▶ ASSIGNED TASK
Print out each entry below exactly; do not carry over any image.

▶ RECORDS FOR PROCESSING
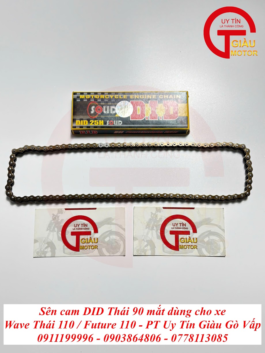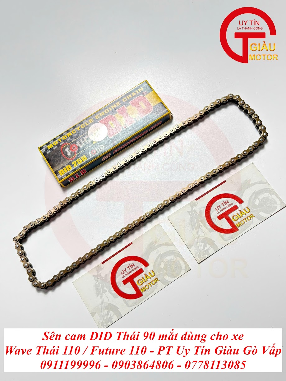 Đừng để tiếng kêu lạ hay hiệu suất động cơ suy giảm làm mất đi giá trị và trải nghiệm của chiếc xe yêu quý! Hãy đến ngay Giàu Gò Vấp – cửa hàng phụ tùng xe máy uy tín hàng đầu tại TP. Hồ Chí Minh, chuyên cung cấp Sên Cam DID Thái 90 Mắt Dùng Cho Xe Wave Thái 110 - Future 110 Chính Hãng. Chúng tôi cam kết mang lại sự êm ái, mạnh mẽ và bền bỉ chuẩn "zin" Thái cho động cơ "xế cưng" của bạn!
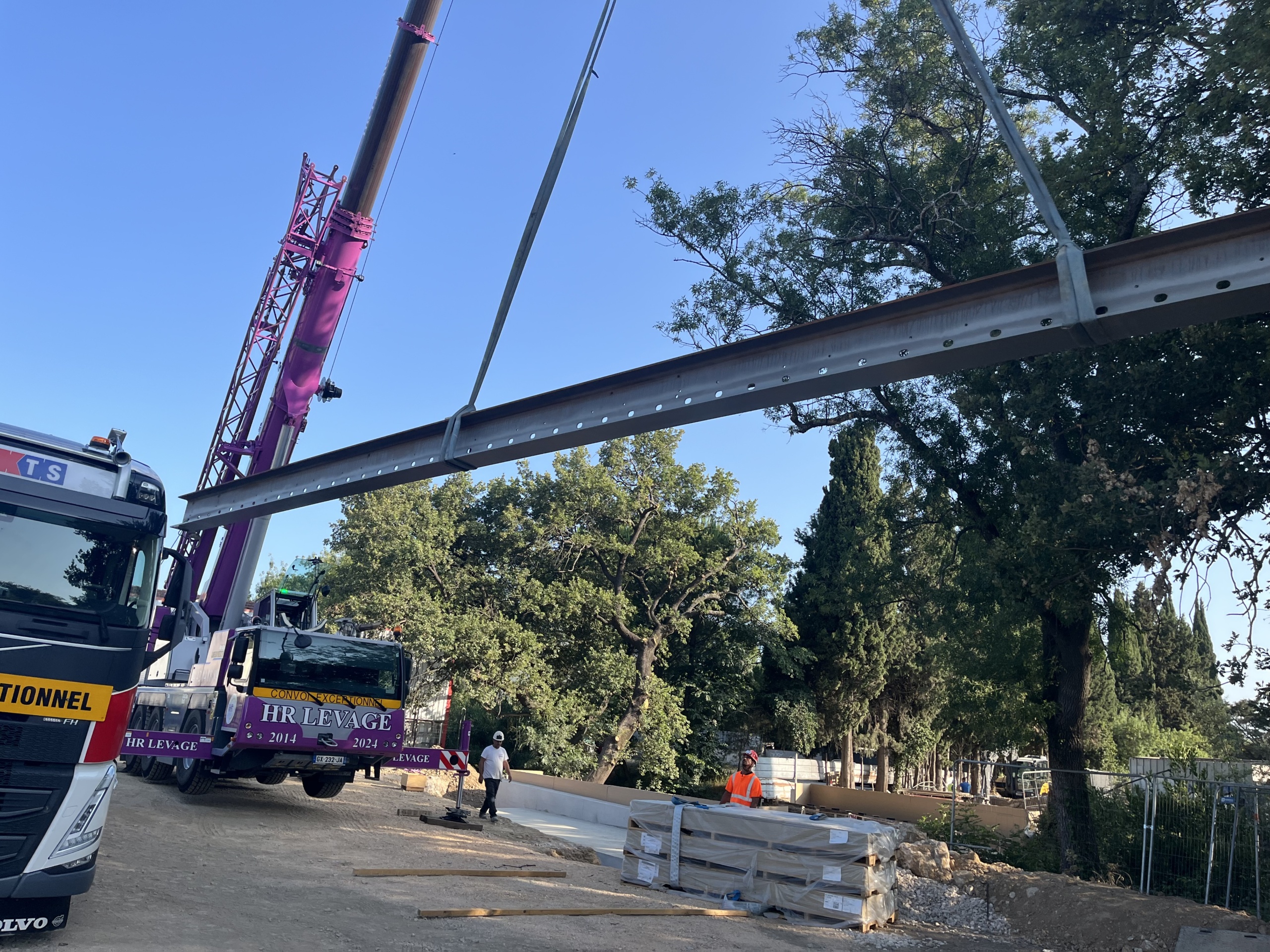 La passerelle de 65m de longueur sur 4 travées sera déposée par tronçon et évacuée de nuit sur convoi exceptionnel. Le poids global de l’ouvrage est de 40 tonnes.
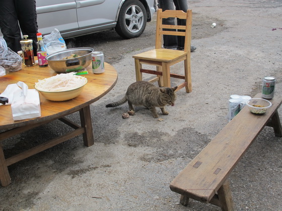 わーっ!飛んで行って参加したくなりますね。熱々の豚汁、それに激辛の香菜と葱を添えて、お行儀なぞ気にせず、立ち食いで胃袋に収めたいですね。写真の友人、各人おしゃべりなどありませんね。バグバグ、ズルズル相手を見据える暇もありません。至福の一時ともうしましょうか。「美味き物を眼前にしては、黙して語らず」。腹ずんと重くなったところで、椅子に座り、油茶をすする、ついつい饒舌がほとばしる。語りに夢中になりにし頃は、すでに帰桂の時刻、時間よ止まれ、しかし、しかしお別れの時「名残は尽きぬ」。此の夜の秦さんぐっすりと眠りに就かれたことでしょう。
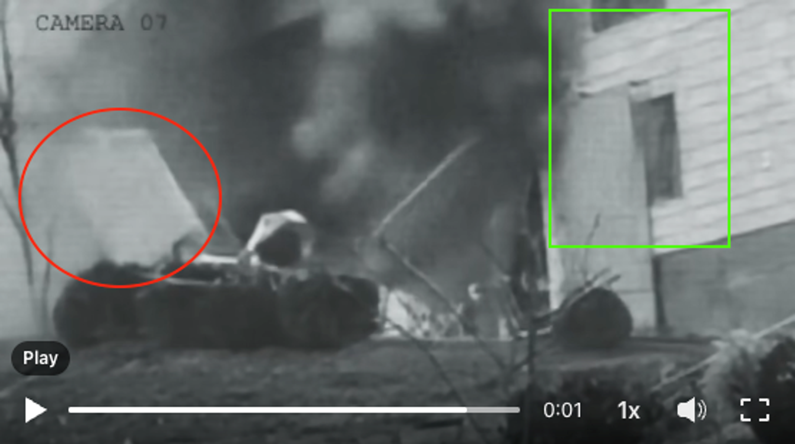 علاوه بر این، بررسی دقیق لحظه انفجار در ویدیوی منتشرشده نشان میدهد که پس از برخورد، بخشهایی از دروازه فلزی اوین بر روی شمشادهای قابل مشاهده در تصویر سقوط میکنند، اما این گیاهان بدون آسیب باقی میمانند.
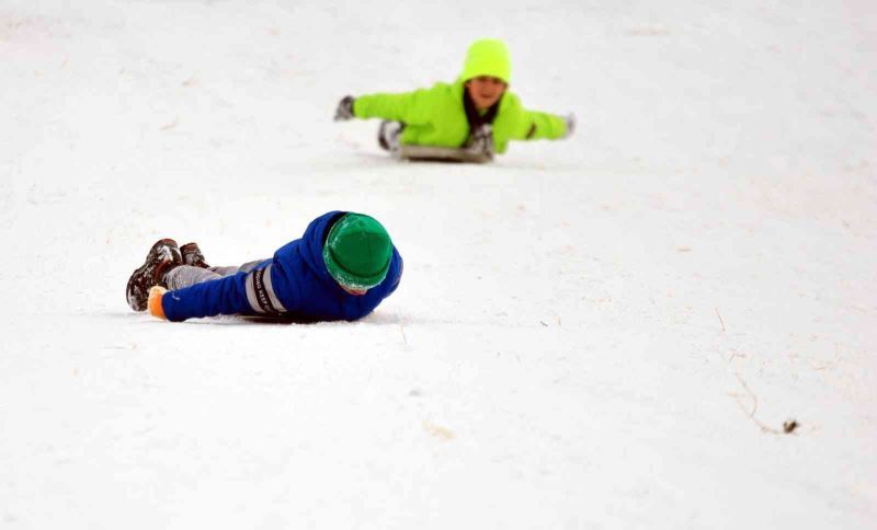 Doyasıya eğlenen çocuklar, karın tadını çıkardıklarını söyleyerek, kışı çok sevdiklerini dile getirdi.

▶ WRITTEN SOLUTION
 Đừng để tiếng kêu lạ hay hiệu suất động cơ suy giảm làm mất đi giá trị và trải nghiệm của chiếc xe yêu quý! Hãy đến ngay Giàu Gò Vấp – cửa hàng phụ tùng xe máy uy tín hàng đầu tại TP. Hồ Chí Minh, chuyên cung cấp Sên Cam DID Thái 90 Mắt Dùng Cho Xe Wave Thái 110 - Future 110 Chính Hãng. Chúng tôi cam kết mang lại sự êm ái, mạnh mẽ và bền bỉ chuẩn "zin" Thái cho động cơ "xế cưng" của bạn!
 La passerelle de 65m de longueur sur 4 travées sera déposée par tronçon et évacuée de nuit sur convoi exceptionnel. Le poids global de l’ouvrage est de 40 tonnes.
 わーっ!飛んで行って参加したくなりますね。熱々の豚汁、それに激辛の香菜と葱を添えて、お行儀なぞ気にせず、立ち食いで胃袋に収めたいですね。写真の友人、各人おしゃべりなどありませんね。バグバグ、ズルズル相手を見据える暇もありません。至福の一時ともうしましょうか。「美味き物を眼前にしては、黙して語らず」。腹ずんと重くなったところで、椅子に座り、油茶をすする、ついつい饒舌がほとばしる。語りに夢中になりにし頃は、すでに帰桂の時刻、時間よ止まれ、しかし、しかしお別れの時「名残は尽きぬ」。此の夜の秦さんぐっすりと眠りに就かれたことでしょう。
 علاوه بر این، بررسی دقیق لحظه انفجار در ویدیوی منتشرشده نشان میدهد که پس از برخورد، بخشهایی از دروازه فلزی اوین بر روی شمشادهای قابل مشاهده در تصویر سقوط میکنند، اما این گیاهان بدون آسیب باقی میمانند.
 Doyasıya eğlenen çocuklar, karın tadını çıkardıklarını söyleyerek, kışı çok sevdiklerini dile getirdi.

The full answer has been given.